■ INSTRUCTIONS FOR THE TASK: Restate the listing below line for line and word for word, without the pictures.

[Opening DATASET CONTENT section]

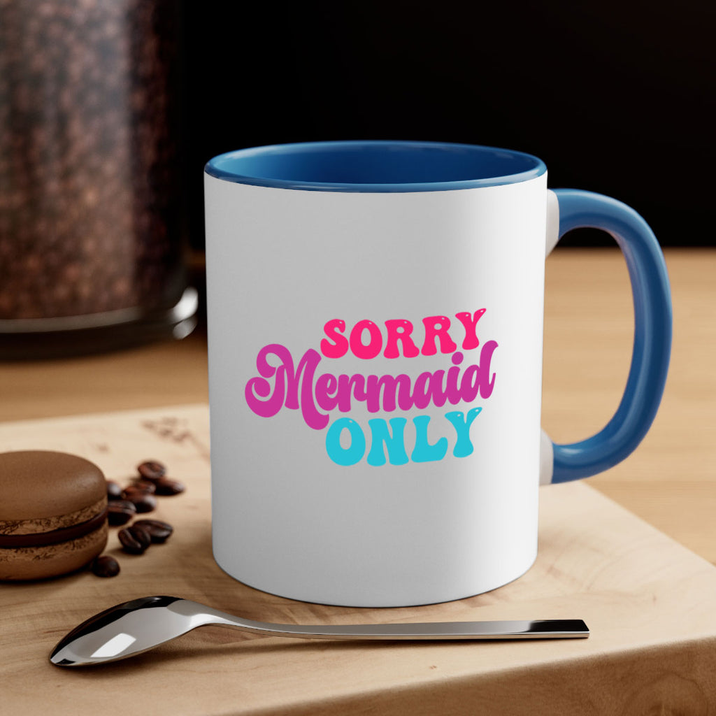 Enjoy the Sorry Mermaid Only 601# Mug . Here to bring big gulps of coffee, Tea or any beverage and style, these two-tone coffee mugs help people around the world start the day just right. Choose between 5 different color options and 2 sizes to best complement the design. Each mug comes with a colored handle, a colored interior, and a classy, glossy finish so that your mugs become an instant favorite.
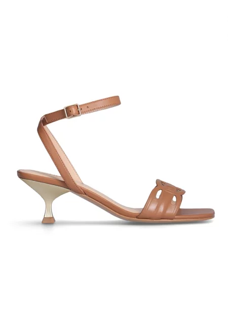 Кожени сандали с каишка на глезена - Карамел
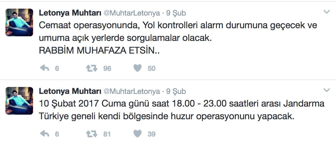 Emniyet Genel Müdürlüğü, Jandarma Genel Komutanlığı ve Sahil Güvenlik Komutanlığı ekipleri 80 bin görevli ile ülke genelinde “güven ve huzur” denetimleri yapıyor. Ancak dün FETÖ’nün yurtdışındaki terörist bir hesabından bugünkü 81 ildeki operasyonla ilgili paylaşım, Fetullahçı teröristlerin halen Emniyet ve Jandarma’da etkin olduklarını gösterdi.

[Closing DATASET CONTENT section]

■ SOLVED PROBLEM:
 Enjoy the Sorry Mermaid Only 601# Mug . Here to bring big gulps of coffee, Tea or any beverage and style, these two-tone coffee mugs help people around the world start the day just right. Choose between 5 different color options and 2 sizes to best complement the design. Each mug comes with a colored handle, a colored interior, and a classy, glossy finish so that your mugs become an instant favorite.
 Кожени сандали с каишка на глезена - Карамел
 Emniyet Genel Müdürlüğü, Jandarma Genel Komutanlığı ve Sahil Güvenlik Komutanlığı ekipleri 80 bin görevli ile ülke genelinde “güven ve huzur” denetimleri yapıyor. Ancak dün FETÖ’nün yurtdışındaki terörist bir hesabından bugünkü 81 ildeki operasyonla ilgili paylaşım, Fetullahçı teröristlerin halen Emniyet ve Jandarma’da etkin olduklarını gösterdi.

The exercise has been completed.